Impact studies are planned to test the assumption of competition or of cumulative effects of herbivores attacking the same plant (Harris, 1991; Masters et al., 1993; Denno et al., 1995; McEvoy and Coombs, 1999). Results from these experiments will help determine, in combination with host specificity results, which species to propose for introduction to North America.

Management of garlic mustard or any other invasive plant aims to protect or restore native ecosystem properties. An important aspect of the biological control program is the collection of baseline data before any introduction of control agents occurs.

The standardized protocol will incorporate measures of (1) garlic mustard abundance, (2) abundance and impact of biological control agents, and (3) changes in native plant communities and associated fauna.
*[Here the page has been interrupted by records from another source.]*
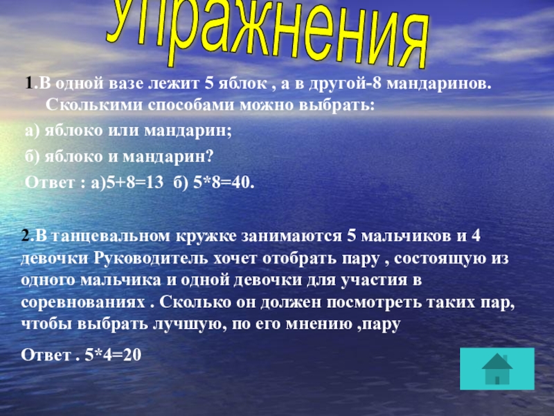 2.В танцевальном кружке занимаются 5 мальчиков и 4 девочки Руководитель хочет отобрать пару , состоящую из одного мальчика и одной девочки для участия в соревнованиях . Сколько он должен посмотреть таких пар, чтобы выбрать лучшую, по его мнению ,пару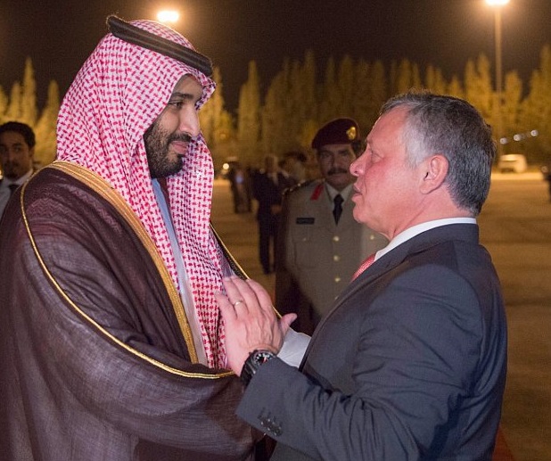 وصل صاحب السمو الملكي الأمير محمد بن سلمان بن عبدالعزيز آل سعود ولي ولي العهد النائب الثاني لرئيس مجلس الوزراء وزير الدفاع اليوم إلى المملكة الأردنية الهاشمية .وكان في استقبال سمو ولي ولي العهد لدى وصوله مطار الملك الحسين في العقبة جلالة الملك عبدالله الثاني بن الحسين ملك المملكة الأردنية الهاشمية ومعالي مستشار جلالة الملك للشؤون العسكرية رئيس هيئة الأركان الأردني الفريق أول ركن مشعل الزبن.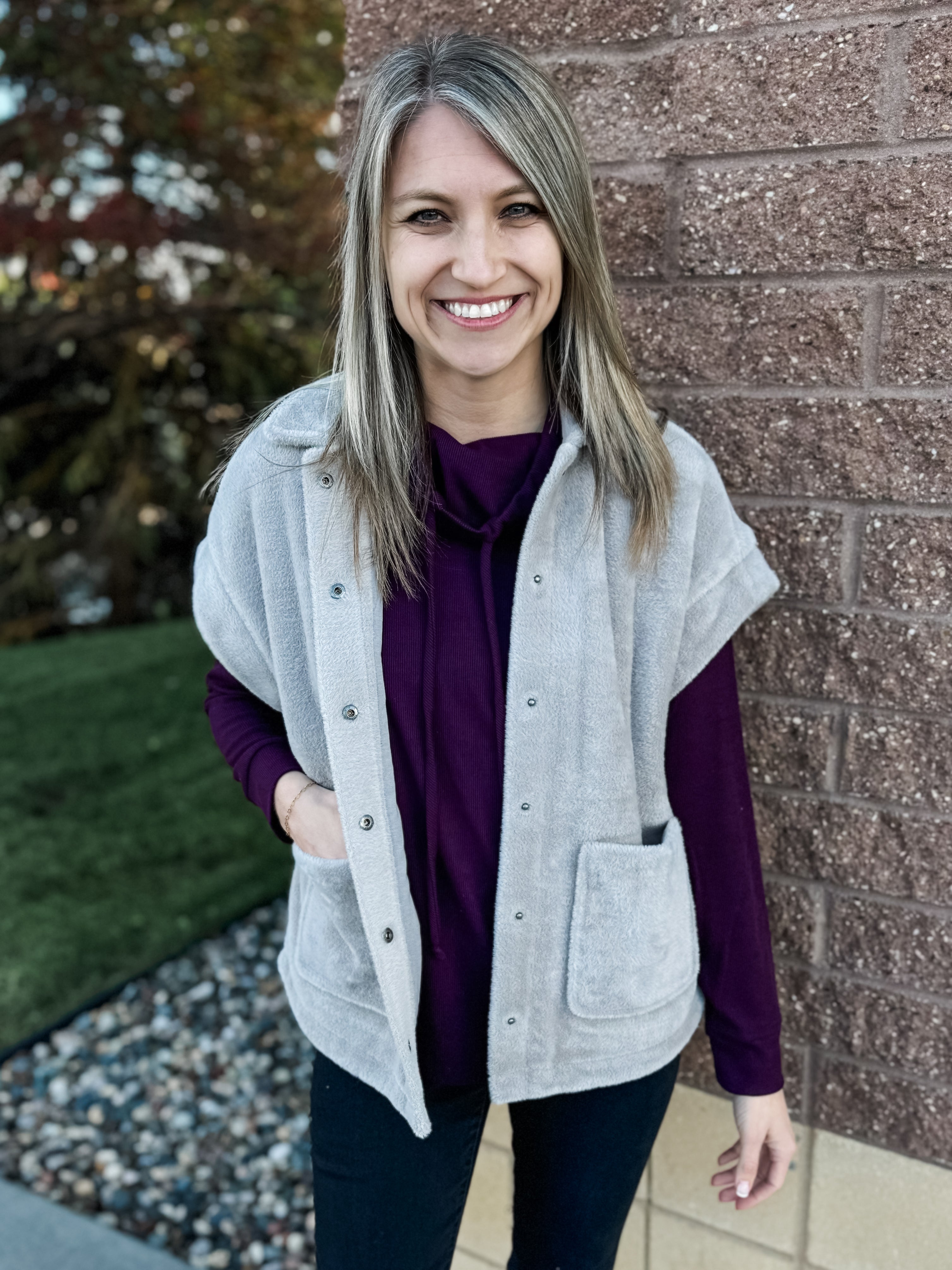 Extended Drop Shoulder Sleeve Button Front Patch Pocket Knit Vest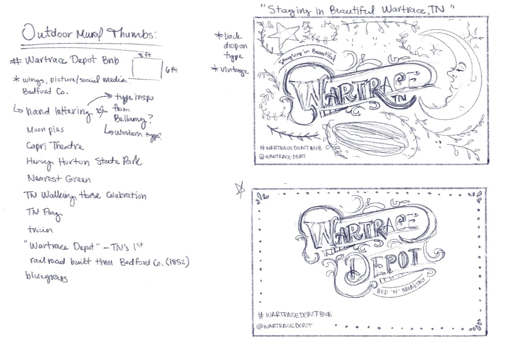 For this mural, the client wanted his AirBnb, the Wartrace Depot, to have something that spoke to the beautiful night skies of Wartrace, Tennessee.

We anticipate a protocol sophisticated enough to allow rigorous statistical analysis, yet simple enough to allow widespread use by natural areas managers.

Anticipated Effects of Agents

At present little information on the impact of the potential control agents on garlic mustard performance is available. Attack by single or multiple herbivores is anticipated to reduce the competitive ability of garlic mustard in North America. We also anticipate that combinations of agents attacking different plant parts will be superior to the impact of a single species. We will use such predictions to develop a framework for cross-continental comparisons of plant and insect population dynamics.

Techniques to Be Used

Host specificity screening techniques are widely standardized and we will follow guidelines established in the literature and by USDA (Wapshere,1989; USDA, 1999).

Other Comments

Combining long-term monitoring, experimental research, and evaluation will provide a framework for improving management of invasive plants using biological control. In addition, such investigations will continue to improve the scientific basis and predictive ability of biological weed control.